I was putzing with a knife and pan today... yes, on a sunday. I feel like I personally have more leverage and control with a h/t. I don't have to use as much force. I dunno.....


----------



## Bevelation

ThatDrywallGuy said:


> i wondered if someone would be confused, i guess this answers that. lol


Confused? no
Insulted? We...heh...elllll...that's another story.

He uses h/t, too. That's why I was taken aback by your first post stating you've never even seen, let alone used a trowel in use by a taper.


----------



## mudhen

*either or*

i have used both,pan and knife for my first 5 years then i switched to hawk and trowel, it really is a matter or preference,i hear this argument non stop and laugh.it boils down to the man running the tool


----------



## Diesel Drywall Inc.

Here in Pittsburgh, PA if a taper came on a job with a hawk and trowel he would be out the door in a second. I personally never saw a good taper that used a hawk and trowel, in my area anyways. We learn with a pan and knife like a taper should learn. Just my opinion!


----------



## Muddauber

I'm a pan & knife man.
I don't think I've ever seen a finisher in this area use hawk & trowel.
My mud is so soupy for some tasks, like taping, pulling corners,& running 3rd coat that I don't think I could keep the mud from sliding off the hawk.


----------



## ThatDrywallGuy

Bevelation said:


> Insulted? We...heh...elllll...that's another story.
> 
> .


i dont recall saying anything derogatory.


----------



## Whitey97

Muddauber said:


> I'm a pan & knife man.
> I don't think I've ever seen a finisher in this area use hawk & trowel.
> My mud is so soupy for some tasks, like taping, pulling corners,& running 3rd coat that I don't think I could keep the mud from sliding off the hawk.


 
well you can't use a hawk for pulling tape. However 3rd coat I use mine for. You just take less mud, and learn how to control it.


----------



## Bevelation

My third coat is a pole sander.


----------



## Bevelation

ThatDrywallGuy said:


> i dont recall saying anything derogatory.


You didn't need to....

haha you took me seriously.


----------



## Whitey97

Bevelation said:


> My third coat is a pole sander.


I've cut mine short a few times, and only went with 2, however I've found just to make sure there is enough there I stick the 3rd on for insurance. plus, I don't like tape to show through, it doesn't look professional


----------



## joepro0000

Funny talking about Myron, when I applied for the drywall license, one of the recommended books to read and study was his.


----------



## Whitey97

you guys have to have lisenses? I love Mn!


----------



## Bevelation

Whitey97 said:


> I've cut mine short a few times, and only went with 2, however I've found just to make sure there is enough there I stick the 3rd on for insurance. plus, I don't like tape to show through, it doesn't look professional


 Did it turn out fine the times you did 2 coats?


----------



## Bevelation

Diesel Drywall Inc. said:


> Here in Pittsburgh, PA if a taper came on a job with a hawk and trowel he would be out the door in a second. I personally never saw a good taper that used a hawk and trowel, in my area anyways. We learn with a pan and knife like a taper should learn. Just my opinion!
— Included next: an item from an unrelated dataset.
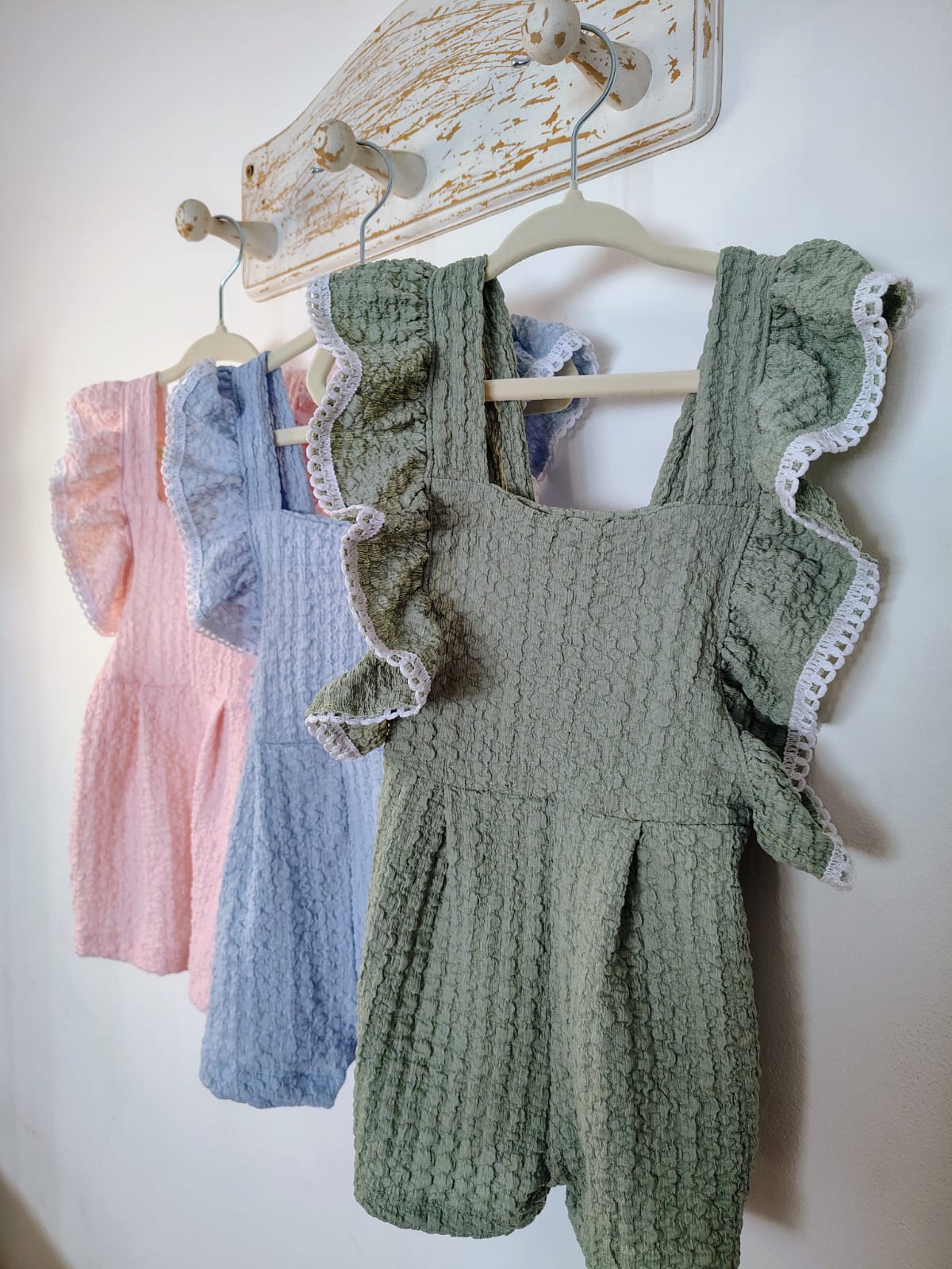 Tipo de tela y Caracteristicas:  El jardinero esta fabricado en TELA HAWAI 100% poliester, este tipo de tela tiene la particularidad de ser muy suave y no da alergias! El contacto directo con la piel es muy agradable! Es una tela liviana para el calor, respirable y muy suavecita! La calidad es PREMIUM y resisten el uso diario de tu bebé!

 What did you see as far as issues with hawk/trowel work?


----------



## joepro0000

Licensed - Workers Comp - Liability Insurance


----------



## Whitey97

Bevelation said:


> Did it turn out fine the times you did 2 coats?


I just don't like the way it turns out, yeah it's fine, however it's too close to showing tape for my liking.


Joe- how do you go about aqcuiring a license? anything special?


----------



## Mudshark

*Hawk and Trowel*



ThatDrywallGuy said:


> thats a quote i never thought id hear, halks and trowels ARE old school, not pans and knives. they are remnants of the days of plaster.
> 
> ive also never seen a halk and trowel in action, except by stucco guys , and ive been in this for 22 years
> 
> Chris


I was taught by a couple of older "stucco guys", been at drywall trade for 35 years and yes they are hawk and trowel. Seems this neck of the woods there is a mix with many of the better drywall finishers using hawk and trowel. I would guess more hawk and trowel than pan and knife. Chris, if you have never seen them in action you should, it is an artform and the mud goes on really fast. Still need the pan and knife for those tight spots though.


----------



## JoeMudder

MudMaster said:


> Here in Canada most guys use Halk and Trowel for hand taping...i hear in the U.S its mostly Pan and knife....any reason why?
> 
> Here if you show up on a union job with a pan and knife, they will think your a handyman...i have seen a guy get sent home when he started taping with a pan and knife...
> 
> 
> 
> MM


Hawk and trowel was originally intended for plaster because the trowel is best for that.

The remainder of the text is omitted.